Problem to solve: In this exercise, print only the lines of the records below from the one with "훈련비국비지원▶[핑거 풀스택 부트캠프" through the one with "FRSLOANA tee er", inclusive. Pictures are not part of the copy.

[[ Entries shown, beginning ]]

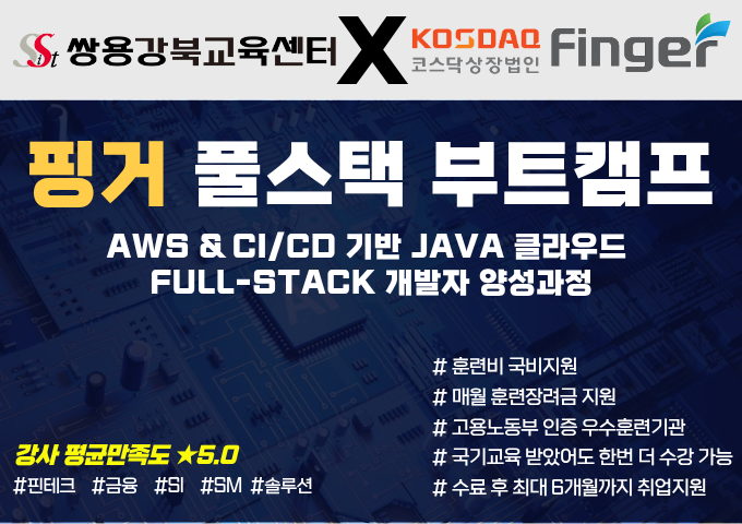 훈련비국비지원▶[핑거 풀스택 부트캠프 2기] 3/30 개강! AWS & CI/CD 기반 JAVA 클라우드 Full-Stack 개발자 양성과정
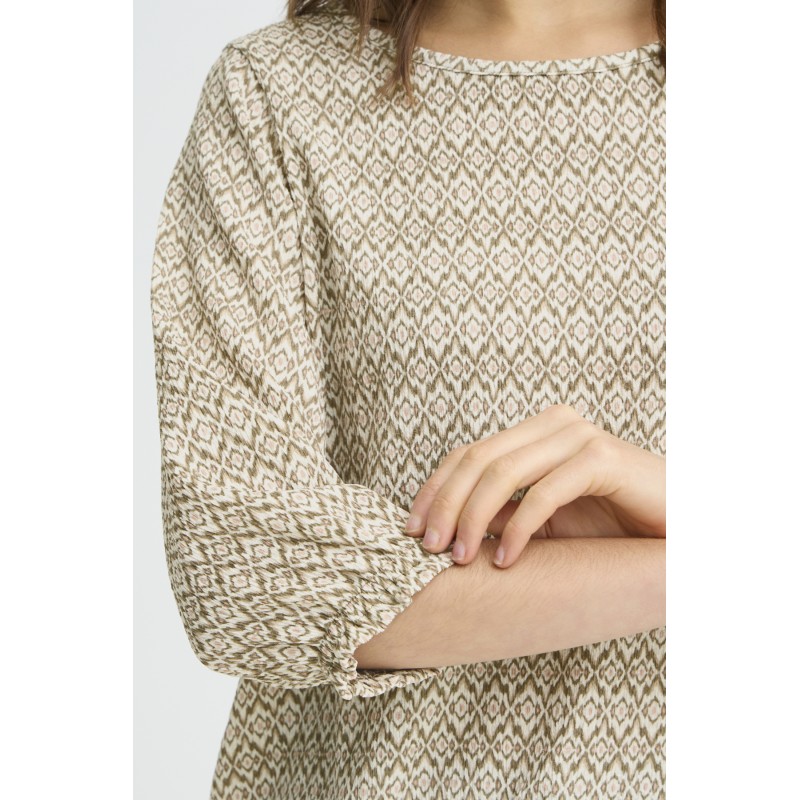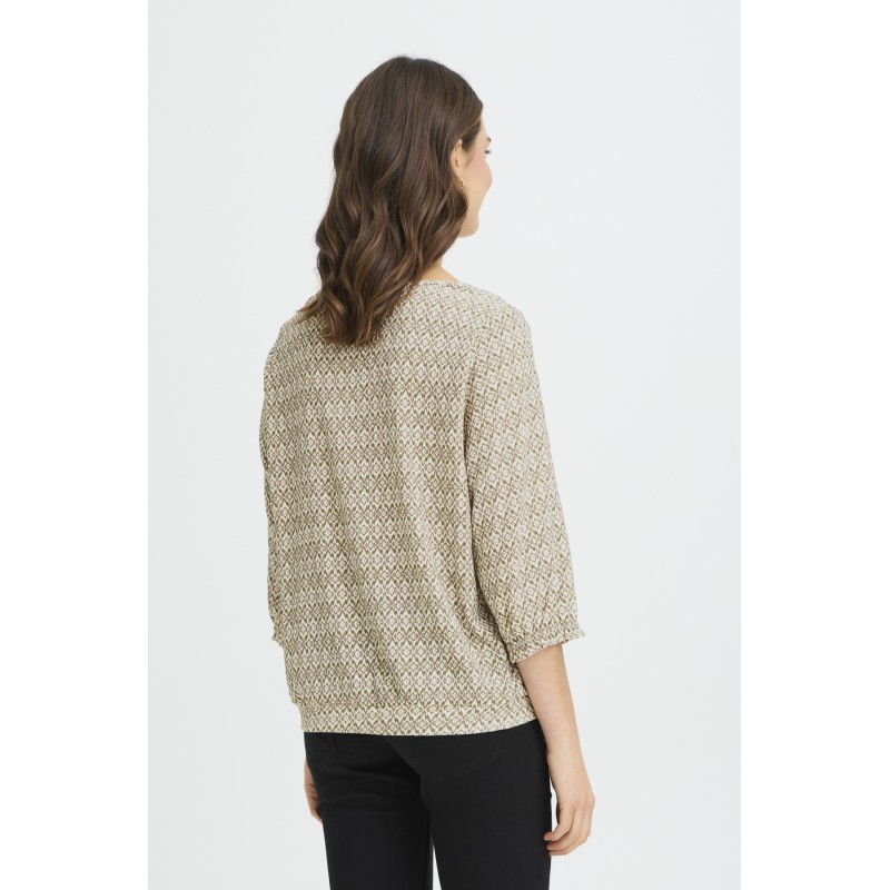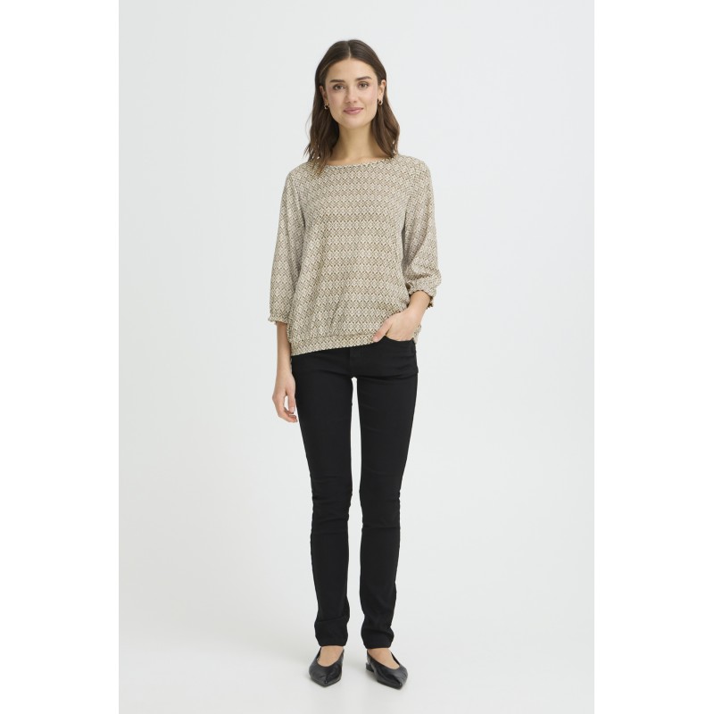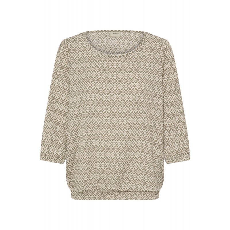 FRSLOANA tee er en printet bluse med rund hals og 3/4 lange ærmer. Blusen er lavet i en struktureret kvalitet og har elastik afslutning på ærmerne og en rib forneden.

[[ Entries shown, end ]]
[[ Entries shown, beginning ]]

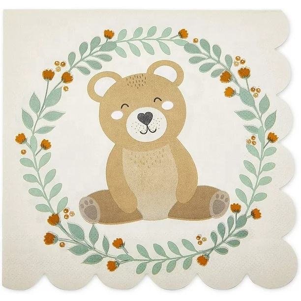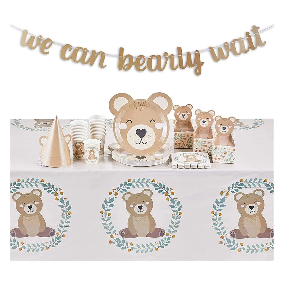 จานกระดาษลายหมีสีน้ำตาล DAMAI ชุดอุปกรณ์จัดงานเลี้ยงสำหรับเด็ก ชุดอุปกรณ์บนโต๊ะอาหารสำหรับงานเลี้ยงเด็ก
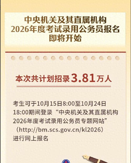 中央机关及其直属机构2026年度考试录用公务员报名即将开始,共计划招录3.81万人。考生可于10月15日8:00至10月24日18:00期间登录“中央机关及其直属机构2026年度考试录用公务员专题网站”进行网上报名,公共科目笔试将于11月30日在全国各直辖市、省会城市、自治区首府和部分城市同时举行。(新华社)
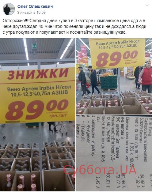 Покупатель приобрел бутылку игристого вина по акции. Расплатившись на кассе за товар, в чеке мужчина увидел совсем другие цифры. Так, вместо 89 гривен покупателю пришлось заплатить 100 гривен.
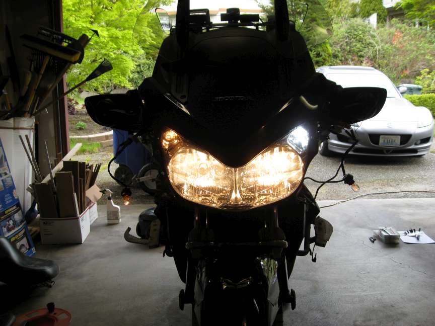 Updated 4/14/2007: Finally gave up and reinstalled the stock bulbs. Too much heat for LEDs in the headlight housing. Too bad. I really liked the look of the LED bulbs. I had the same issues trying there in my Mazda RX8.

[[ Entries shown, end ]]

Output for this task:
 훈련비국비지원▶[핑거 풀스택 부트캠프 2기] 3/30 개강! AWS & CI/CD 기반 JAVA 클라우드 Full-Stack 개발자 양성과정
 FRSLOANA tee er en printet bluse med rund hals og 3/4 lange ærmer. Blusen er lavet i en struktureret kvalitet og har elastik afslutning på ærmerne og en rib forneden.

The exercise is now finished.